No adjudication is necessary, although the act of filing places the debtor and his estate under the regime of the bankruptcy law, and the control and supervision of the bankruptcy court is a prominent feature of the ensuing process. An involuntary proceeding may be commenced by any creditor except one whose claim is contingent (in the sense that it is dependent upon an event which is not certain to occur), or whose claim is bona fide disputed. A petition may be presented by one or more creditors, but if the debtor has more than eleven creditors (excluding certain connected persons or employees), Bankruptcy law requires that a minimum of three must join in the petition. In every case, the total amount owed to the petitioning creditor(s) must be at least $5,000 over and above the value of any security they hold. Finally, there must be evidence of a need for bankruptcy proceedings, either because the debtor is generally not paying his debts as they become due, or because a general assignee for the benefit of creditors or a general receiver has taken charge of the debtor’s property within the previous 120 days (Brubaker 743; The American Bar Association 82).
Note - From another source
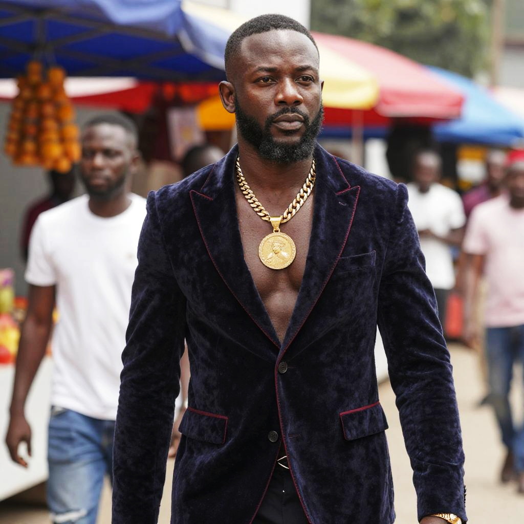 A confident man walks through a bustling street market, wearing a deep navy velvet blazer with no shirt underneath, accentuated by a large gold medallion necklace. The vibrant background features colorful market stalls and people, highlighting a contemporary urban fashion style with bold and luxurious elements.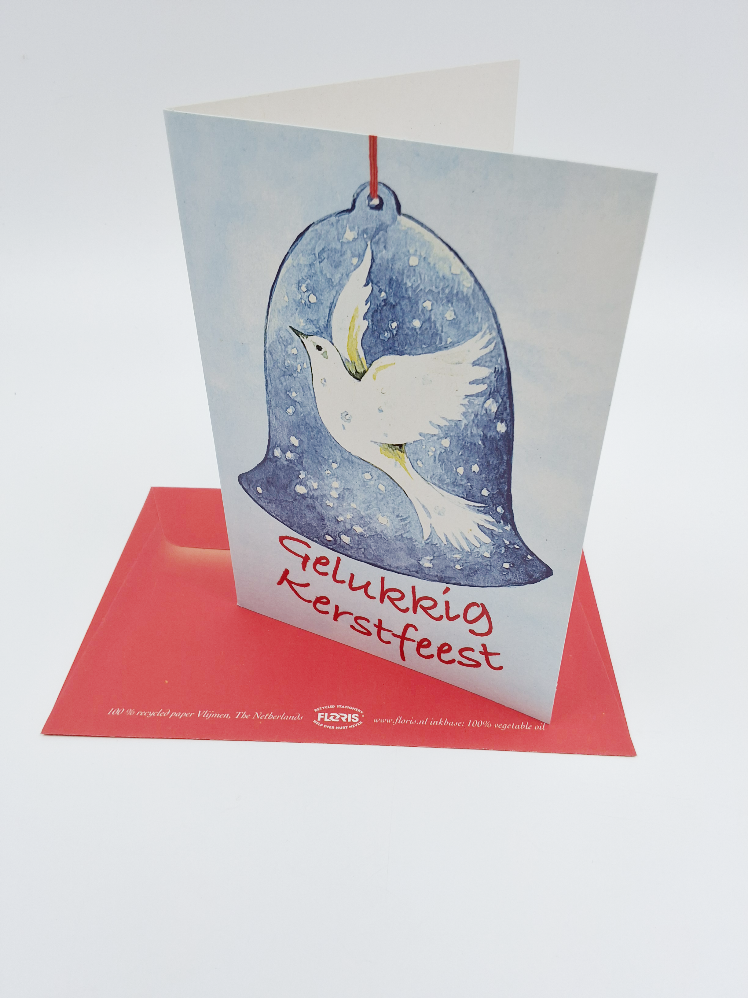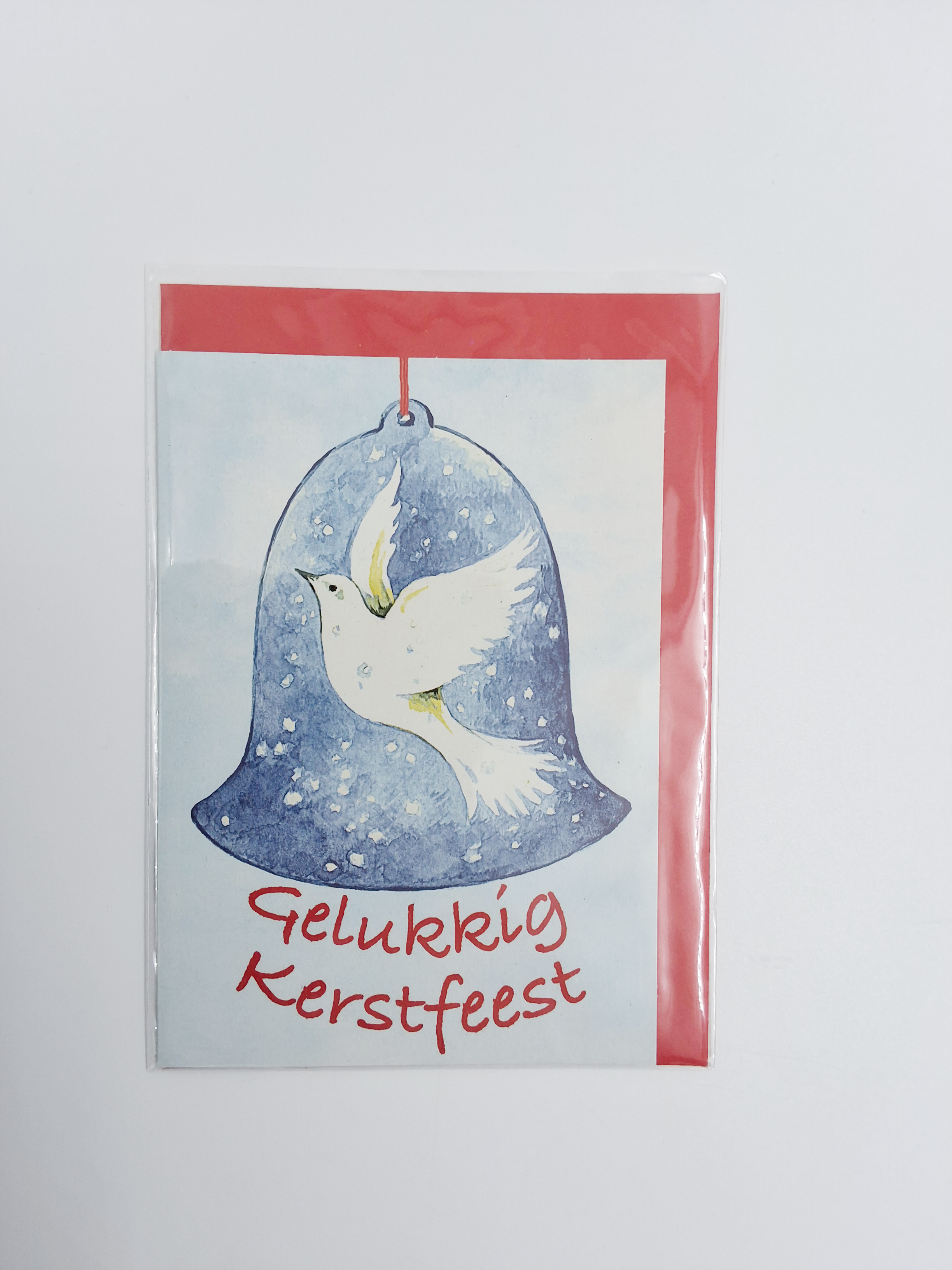 Wenskaart duif in kerstklok "gelukkige kerst"

For instance, the case CELOTEX CORP. v. EDWARDS (1995) established that “respondents must obey the Bankruptcy Court’s injunction as persons are subject to an injunctive order” (Selected U.S. Supreme Court Bankruptcy Decisions 2008). THINGS REMEMBERED, INC. v. PETRARCA (1995) accepted that “If an order remands a removed bankruptcy case to state court because of a timely raised defect in removal procedure or lack of subject-matter jurisdiction, a court of appeals lacks jurisdiction to review the order under” (Selected U.S. Supreme Court Bankruptcy Decisions 2008). Because of the inherent differences between legal and natural persons, it is only to be expected that numerous distinctions have arisen in the course of time with respect to the legal and procedural regimes that are applicable in the event of bankruptcy. ‘Corporation’ is the formal term used by law to designate an entity on which legal personality is conferred such as to be separate from the individuals comprising it.
As a legal-or juristic-person, a corporation is capable of enjoying and being subject to legal rights, duties, and liabilities, and also enjoys the character of perpetuity, in the sense that its existence is maintained through the succession of new individuals as members in place of those who die or are removed. Unlike human beings, whose legal personality is inherent and not dependent on any special process of the law itself, a corporation can only exist as a legal person through having undergone a requisite process of formation whereby such grant of a legal persona took effect. Law distinguishes between two types of corporation, the ‘corporation sole’, consisting of one member only at any one time, and the ‘corporation aggregate’, which may consist of several or many members contemporaneously whose individual identities can fluctuate over time. It is to the latter category that the type of entity which concerns us here–the joint stock company, formed through a process of registration under the Companies Acts–belongs. The United States Bankruptcy Code does not adopt the distinction between individual and corporate debtors (The American Bar Association 101).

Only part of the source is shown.